What, if any, is the transition from FreeDarko to The Classical?
Bethlehem Shoals, the animating spirit behind FreeDarko, is sort of the center of the hub of how everyone from The Classical knows each other. And that’s no accident; I think for a lot of people FreeDarko as both a blog and two awesome books opened their eyes to the fact that sports can be approached in brainy and provocative ways without feeling clinical or condescending. We’re going to branch out from pro basketball into the entire kingdom of sports, but I think we will always look to FD for inspiration.

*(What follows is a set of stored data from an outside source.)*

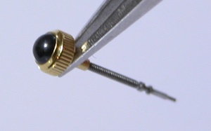 丸いパッキンが平パッキンに近くなっていました。オニキス竜頭が綺麗です。良くこのオニキスのみを紛失した腕時計を見ますが、その場合は竜頭交換で3.000円くらいです。巻芯もかえると5000円近くなります。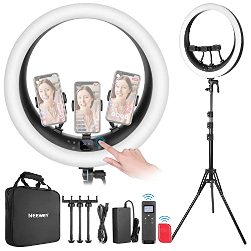 NEEWER 19" Ring Light,Lumière Anneau avec 3 Supports Téléphone,Contrôle 2.4G Amélioré Gradation Lisse à 1%,LCD et Contrôle Tactile,CRI 97+ 2540lux,pour Streaming Home Office Zoom Call- RP18H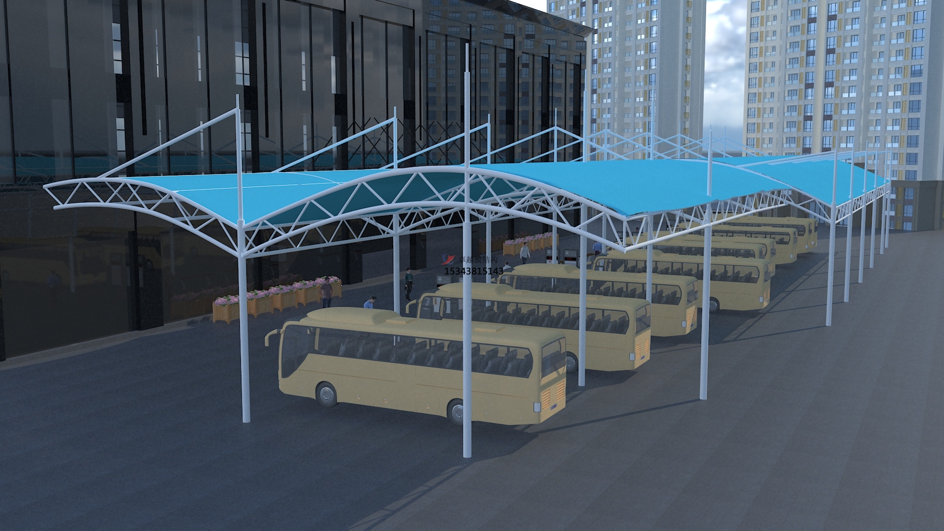 公交大巴膜結(jié)構(gòu)停車(chē)棚效果圖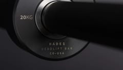 All measurements of the Hades™ bar adhere to powerlifting standards for federations that use a deadlift bar. Powerlifting knurl markings help with proper hand placement. The Hades™ deadlift bar is offered in a black Cerakote shaft with Duracoat® sleeves for a distinct, blacked out look. Duracoat® is a chemical process that hardens the outside of the steel, making it more wear resistant and adding a high degree of corrosion resistance. The sleeves are smooth for easy loading and unloading of the plates. And the 15.75” loadable sleeve length, longer than most other deadlift bars, means space for more weight plates on the bar. Bronze bushings are great for slower, strength-focused lifts and allow for consistent rotation, while ensuring incredible strength and stiffness to withstand heavy loads. The bar is topped off with premium metal endcaps featuring unique designs and laser etchings of the barbell name and weight on the inside of the sleeves. We have tested the Hades™ deadlift bar with some of the strongest people on the planet. Reach a new deadlift PR.

The promo video on your Kickstarter page emphasizes reader involvement. How do you hope this “conversation” will work on a micro level?
I’m hoping, as the managing editor, to recruit writers from the commenter community if I can, and not just as a gimmick. On an even more micro level, I think our content—literally what our staff chooses to write about—is going to be shaped by how people react to our initial offerings. We’ve already gotten suggestions via Twitter and the Kickstarter drive for things that are going to be a part of the site, from a skateboarding video column written by a novelist/professor, to a call for an oral history of the Continental Basketball Association’s Cedar Rapids Silver Bullets.
You offer your backers some pretty creative rewards—at least 15 people have donated enough money to request an essay on any topic. What’s the wildest request so far?
The donor who requested that we write a sonnet about Manu Ginobili and/or Jerry Jones is the clubhouse leader in oddball requests, but there’s a ways to go yet—about 20 grand left to raise still, so we may have to do even more outlandish things to get our seed money.
Sox or Cubs?
Actually, Indians, but if I’m choosing a Chicago loyalty, White Sox all the way, division rivalries notwithstanding. I’m a sucker for the disenfranchised, and the Cubs’ ineptitude is a fig leaf for their establishmentarianism.